Contents
By default, API Gateway configuration data is stored unencrypted. However, you can encrypt certain sensitive information, such as passwords and private keys, using a passphrase. When the passphrase has been set (and the data has been encrypted with it), you must enter the passphrase when connecting to the API Gateway with the Policy Studio, or when the API Gateway is starting up, so that the encrypted data can be decrypted. This passphrase is set at the API Gateway group level.
Warning | |
---|---|
It is crucial that you remember the passphrase when you change it. Failure to remember the passphrase results in the loss of private key data. |
This topic describes how to specify the group passphrase when connecting to the API Gateway with the Policy Studio, in your API Gateway configuration file, or when the API Gateway is starting up. It also describes how to change the group passphrase when it has been set initially.
You can use the the Policy Studio topology view to set the group passphrase to encrypt the data. This is the table displayed when you connect to the Admin Node Manager. To change the passphrase, right-click the API Gateway group name in the table (for example, QuickStart Group), and select Change Passphrase.
Complete the following fields on the Change Group Passphrase dialog:
Old Passphrase:
Enter the old passphrase that you wish to change in this field. Alternatively, you can leave this field blank if you are setting the passphrase for the first time.
New Passphrase:
Enter the new passphrase.
Confirm New Passphrase:
Re-enter the new passphrase to confirm it.
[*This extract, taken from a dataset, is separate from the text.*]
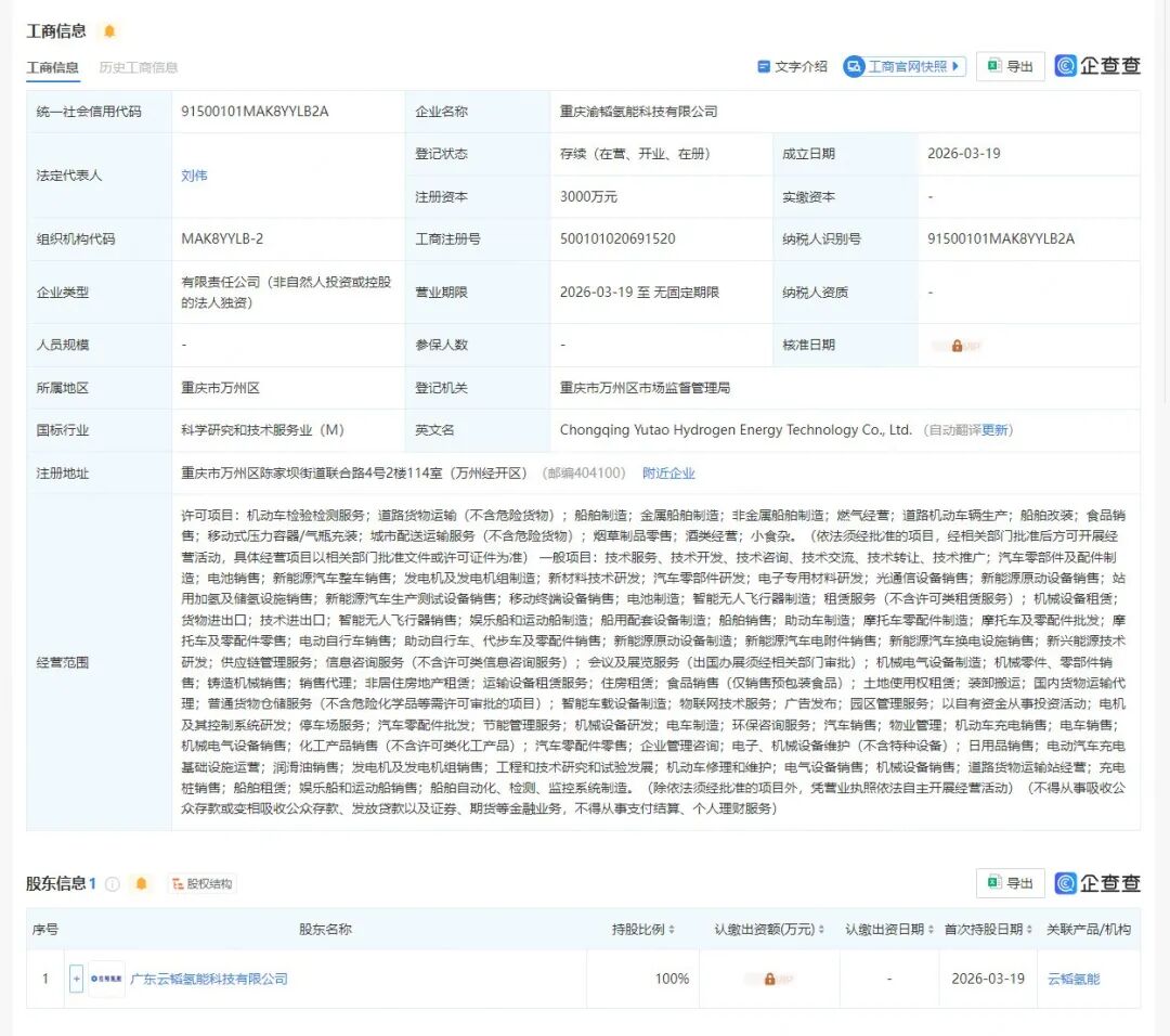 股东信息显示,该公司由广东云韬氢能科技有限公司100%持股,是后者的全资子公司。

When you have set the encryption passphrase for the API Gateway configuration data, you must specify this passphrase every time that you connect to the API Gateway in the Policy Studio. You can enter it in the Passphrase field of the Open File dialog, which is displayed when connecting to a configuration file. Alternatively, you can enter it in the Enter Passphrase dialog, which is displayed before editing an active server configuration.
Note | |
---|---|
The different roles of the Passphrase and the Password fields are as follows: |
Passphrase | Used to decrypt sensitive data (for example, private keys) that have already been encrypted. Not required by default, and only needed if you have set the group passphrase in Policy Studio. |
Password | Used to authenticate to the API Gateway's management interface using HTTP basic authentication when opening a connection to a server. Required by default. |
For the API Gateway to read (decrypt) encrypted data from its configuration, it must be primed with the passphrase key. You can do this using the Policy Studio, as explained in the previous section. You can also specify the passphrase directly in a configuration file, or prompt for it at startup.
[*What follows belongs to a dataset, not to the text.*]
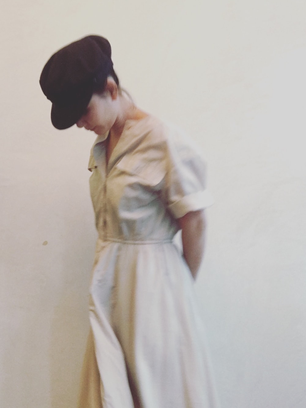 古着コーデ♡ 髪の毛はラフに束ねてマリンキャップの中にイン。

Specifying the Node Manager Passphrase in a Configuration File
You can specify a passphrase directly in the Node Manager's configuration file. Open the following file in your API Gateway installation:
INSTALL_DIR/system/conf/nodemanager.xml
This file contains values for general system settings, such as the server name and trace level, and also (if required) the passphrase key to use to decrypt encrypted API Gateway configuration data.
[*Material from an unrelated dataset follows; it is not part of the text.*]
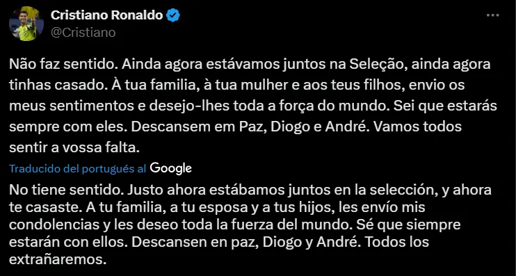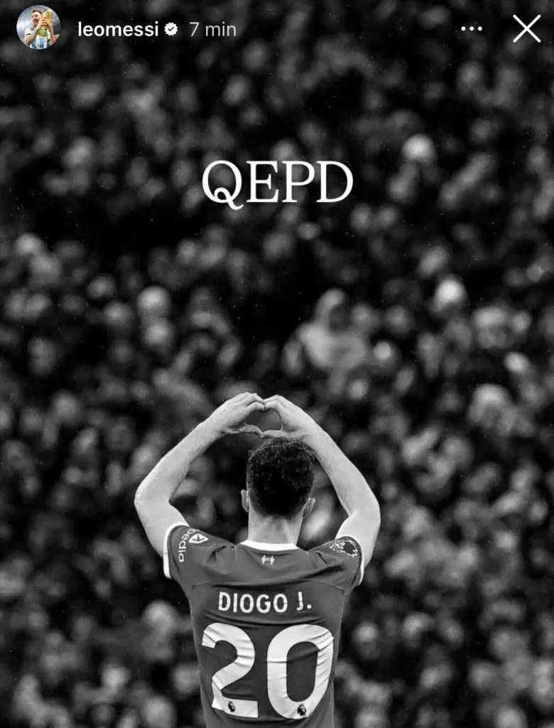 El mensaje de Lionel Messi fue breve al lado del de Cristiano Ronaldo pero emotivo, sin extenderse demasiado, ya que no había una amistad cercana entre ambos. El astro argentino escribió: “Qué en paz descanses”, acompañado de una foto de Diogo Jota.

Typically, the passphrase is only entered directly in the file if the server must
be started as a Windows service or UNIX daemon. In this case, the administrator
cannot enter the passphrase manually when the server is starting. To avoid this,
you must enter the passphrase in the configuration file. You should specify the
passphrase as the value of the secret
attribute as follows,
where "myPassphrase"
is the encryption passphrase:
secret="myPassphrase"
Specifying the API Gateway Passphrase in a Configuration File
You can also specify the passphrase for individual API Gateway instances created using the
managedomain
script. To do this, specify the secret
attribute in the service.xml
file for your API Gateway instance. For
example:
INSTALL_DIR/groups/group-id/instance-id/conf/service.xml
Prompting for the Passphrase on Server Startup
If you do not wish to specify the passphrase directly in the Node Manager or API Gateway
configuration file, and do not need to start as a Windows service or UNIX daemon, you
can configure the Node Manager or API Gateway to prompt the administrator for the
passphrase on the command line when starting up. To do this, enter the
"(prompt)"
special value for the secret
attribute as follows:
secret="(prompt)"
Important | |
---|---|
If you use this option, you must take care to remember the encryption passphrase. Failure to use the correct passphrase results in loss of private key data, and may prevent the API Gateway from functioning correctly. |
For more details, see the Oracle API Gateway Installation and Configuration Guide.